Abstract: The role played by the transient receptor potential vanilloid 1 (TRPV1) channel on the thin fibre afferents evoking the exercise pressor reflex is controversial. To shed light on this controversy, we compared the exercise pressor reflex between newly developed TRPV1+/+, TRPV1+/− and TRPV1−/− rats. Carotid arterial injection of capsaicin (0.5 μg), evoked significant pressor responses in TRPV1+/+ and TRPV1+/− rats, but not in TRPV1−/− rats.

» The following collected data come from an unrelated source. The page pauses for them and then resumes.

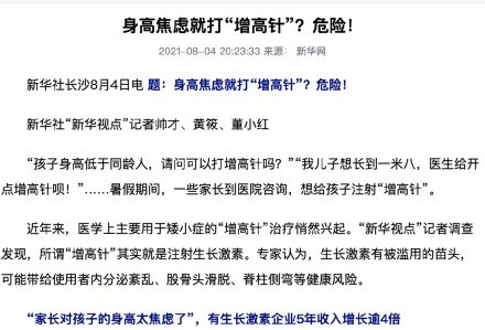 国社调查发现生长激素被一些焦虑的家长用来给孩子增高,并指出“国内一家生长激素龙头企业年收入连年增长。2016年至2020年的5年间,其年收入增长了4倍多,收入90%以上都来自生长激素相关产品。”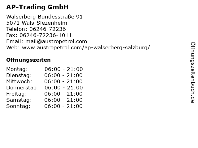 | Öffnungszeiten AP-Trading GmbH in Wals-Siezenheim anzeigen | |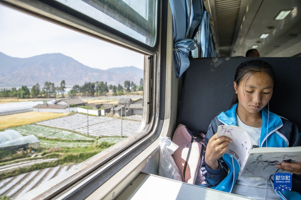 2021年4月15日,一名喜德縣瓦爾學(xué)校的學(xué)生乘坐5634次列車(chē)回家。5633/5634次列車(chē)被人們親切地稱(chēng)為“慢火車(chē)”,陪伴著四川大涼山地區(qū)幾代人的成長(zhǎng),是百姓外出的“公交列車(chē)”,也是孩子們求學(xué)的“校車(chē)”。新華社記者 沈伯韓攝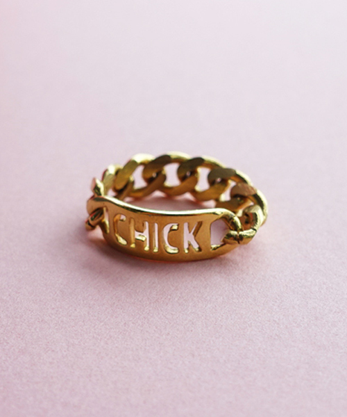 【Rozy(ロージー)】 モノポライズ 独占する ボリューミーでトレンド感たっぷりのチェーンリングでゴールド色、シルバー色の2色展開。トップはステンシルの透かし文字になっており、ゴールド色はスラングでCHICK(若い、かわいい娘)の文字が入っています。チェーンとプレートは指のラインにフィットしなじみよく普段使いしやすいようデザインされています。これだけで?インパクトのあるおしゃれなコーディネートに仕上がります。お揃いでネックレス、ブレスレットの展開がございます。※スラングとは英語の若者言葉や遊び言葉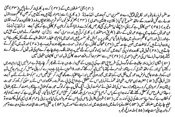 | اے ایمان والو! تمہیں حلال نہیں کہ عورتوں کے وارث بن جاؤ زبردستی اور عورتوں کو روکو نہیں اس نیت سے کہ جو مہر ان کو دیا تھا اس میں سے کچھ لے لو مگر اس صورت میں کہ صریح بے حیا ئی کا کام کریں اور ان سے اچھا برتاؤ کرو پھر اگر وہ تمہیں پسند نہ آئیں تو قریب ہے کہ کوئی چیز تمہیں ناپسند ہو اور اللہ اس میں بہت بھلائی رکھے | ۱۹ |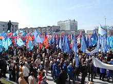 «НАТО – ні! Росії – так!» – на центральному майдані Сімферополя зібралися близько 5 тисяч осіб. Це активісти кримських відділень 10 політичних партії, а також працівники бюджетних організацій, привезені з районів, де висуванці Партії регіонів очолюють райдержадміністрації.

In acutely isolated dorsal root ganglion neurons innervating the gastrocnemius muscles, capsaicin evoked inward currents in neurons isolated from TRPV1+/+ and TRPV1+/− rats but not in neurons isolated from TRPV1−/− rats. The reflex was evoked by stimulating the tibial nerve in decerebrated rats whose femoral artery was either freely perfused or occluded. We found no difference between the reflex in the three groups of rats regardless of the patency of the femoral artery. For example, the peak pressor responses to contraction in TRPV1+/+, TRPV1+/− and TRPV1−/− rats with patent femoral arteries averaged 17.1 ± 7.2, 18.9 ± 12.4 and 18.4 ± 8.6 mmHg, respectively. Stimulation of the tibial nerve after paralysis with pancuronium had no effect on arterial pressure, findings which indicated that the pressor responses to contraction were not caused by electrical stimulation of afferent tibial nerve axons. We also found that expression levels of acid-sensing ion channel 1 and endoperoxide 4 receptor in the L4 and 5 dorsal root ganglia were not upregulated in the TRPV1−/− rats. We conclude that TRPV1 is not needed to evoke the exercise pressor reflex in rats whose contracting muscles have either a patent or an occluded arterial blood supply. (Figure presented.). Key points: A reflex arising in contracting skeletal muscle contributes to the increases in arterial blood pressure, cardiac output and breathing evoked by exercise. The sensory arm of the reflex comprises both mechanoreceptors and metaboreceptors, of which the latter signals that blood flow to exercising muscle is not meeting its metabolic demand. The nature of the channel on the metaboreceptor sensing a mismatch between supply and demand is controversial; some believe that it is the transient receptor potential vanilloid 1 (TRPV1) channel. Using genetically engineered rats in which the TRPV1 channel is rendered non-functional, we have shown that it is not needed to evoke the metaboreflex.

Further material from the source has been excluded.